MD5 signatures can be used to verify the integrity of data, that the data has not been modified or tampered with, whether intentionally or by accident.
The amount of data given to MD5 does not matter; it can be applied to a single character as well as several megabytes of data, such as an entire encyclopedia. The result is always 128 bits.
The MD5 algorithm is irreversible; given just the MD5 signature there is no way to recover the data that was used to calculate that given MD5 signature. That is, you cannot "decrypt" an MD5 signature and get back the original data.
Therefore, MD5 signatures are used such that MD5 is applied to the data that is being verified, and then the two MD5 signatures are compared to each other. If they match, the data has not been modified [1] .
There are several other algorithms, such as
SHA, that perform a task similar to MD5 and that are cryptographically stronger (harder to "break").
CERTIFICATES
Public keys may be distributed freely without the risk of eavesdropping on the encrypted communication between the two parties of the secure session. However, it does not provide authentication by itself. That is, a malicious user Bob could generate his own key pair and pose as Rob, presenting his own public key as Robs. Mike could mistakenly trust that the public key is Robs and believe that he is really sending the message to Rob. Instead, he is sending it to Bob, encrypted with a key that Bob can decipher using his private key.
Certificates solve this problem. A certificate is a piece of data that associates identity with a public key. This data is digitally signed by a well-known authority, such as RSA or VeriSign.
Basically, the well-known authority has its own public and private keys,
Kpublicauthority and Kprivateauthority, respectively. The private key is well guarded. The public key is well known and trusted. It may actually be built into the software.
A user wishing to get a certificate will first generate his or her key pair,
Kpublicuser and Kprivateuser. The public key is sent to the certifying authority, along with the users information, user_info [2]. The certifying authority will calculate a hash of the users public key and associated information:
Digest
= Hash(Kpublicuser + user_info)
The digest is then encrypted with the authoritys private key:
Signature
= Kprivateauthority(Digest)
This encrypted piece of data is included as part of the issued certificate:
Certificate
= { Kpublicuser + user_info + Signature }
Now, someone wishing to authenticate a user or other entity will get the entitys public key, along with the certificate.
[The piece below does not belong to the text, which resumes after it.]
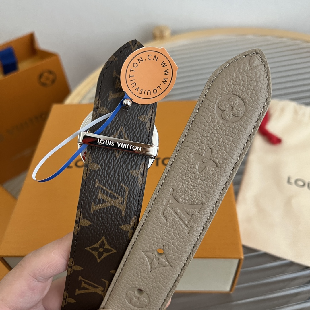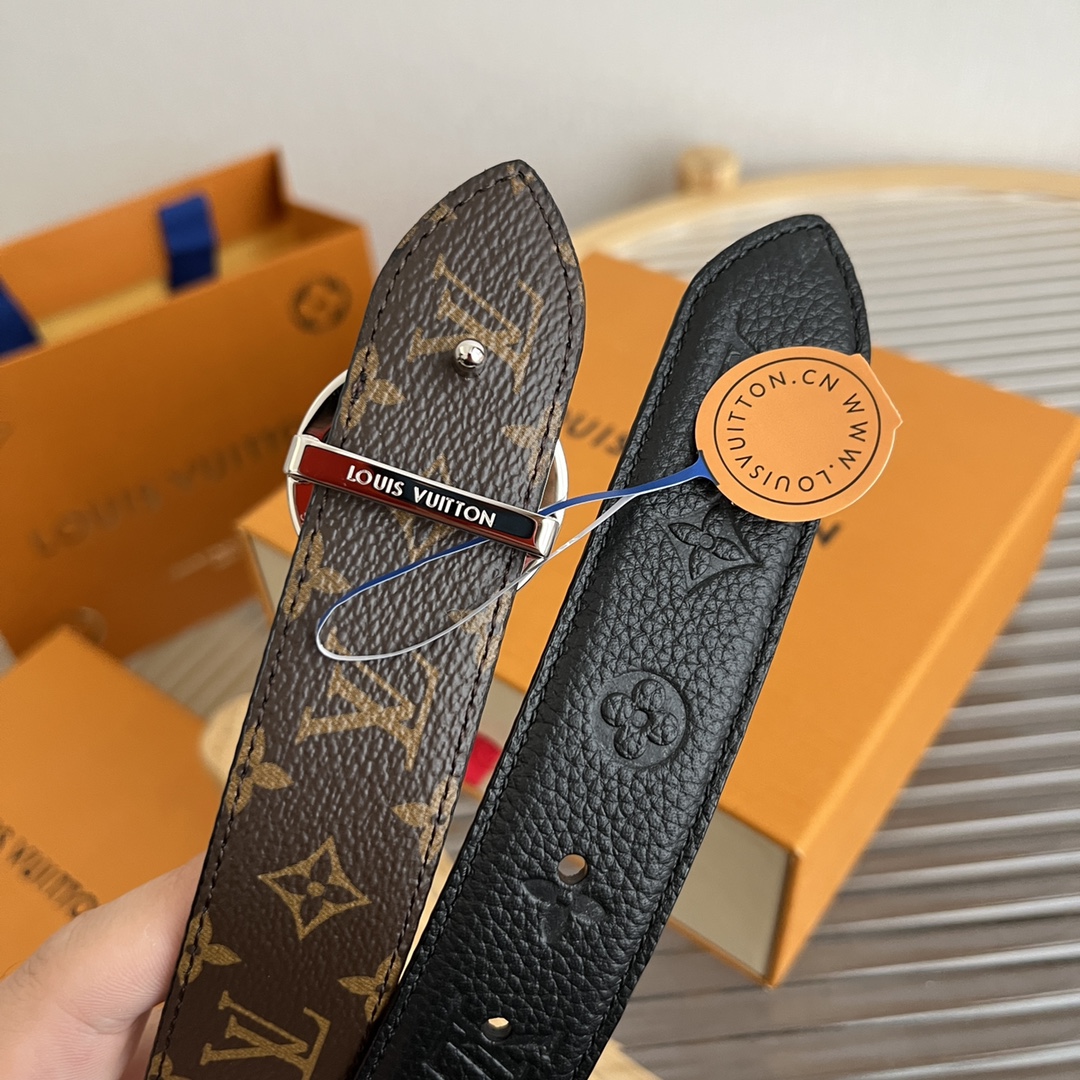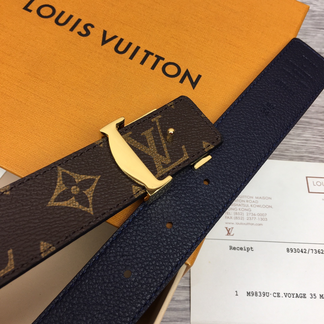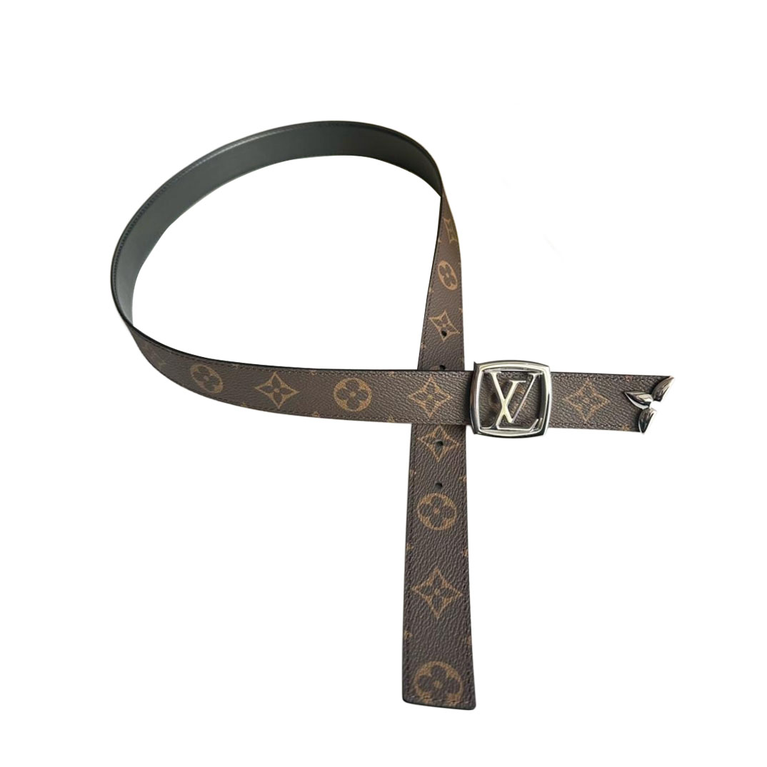 Louis Vuitton Women's Initiales Reversible Belt In Bkue/Black/Grey/Brown/Burgundy/Red/Pink Calfskin And Monogram Canvas With Gold Hardware 30mm

The public key is verified by calculating the hash of the public key and other information in the certificate:
Digest
1 = Hash(Kpublicuser + user_info)
Then, the encrypted signature is decrypted with the certifying authoritys well-known public key:
Digest
2 = Kpublicauthority(Signature)
If the two digests
Digest1 and Digest2 match, the entitys public key is considered valid. Basically, the certifying authority testifies that the public key really belongs to the user, or other entity, indicated in the certificate.
This was a simplified overview of the theory of how certificates work. In practice, there may be subtle differences from the way outlined above.
SUMMARY
This chapter provided a brief overview of the most important aspects of public key encryption. After this, you will know the basic terminology and theory behind encryption-based security. While encryption techniques provide confidentiality, integrity, and authentication of data while its in the wire, there are other aspects of security that are equally important. The next chapter focuses on the aspects of making the internal network itself more secure.
Endnotes
1. With high mathematical probability. Theoretically, it is possible to have two pieces of data that yield the exact same MD5 signature. However, for practical purposes, this is extremely unlikely.
2. In this context, a "user" may actually be any entity that has a key pair, such as a secure Web server, or any party of secure communication. It is not limited to actual people.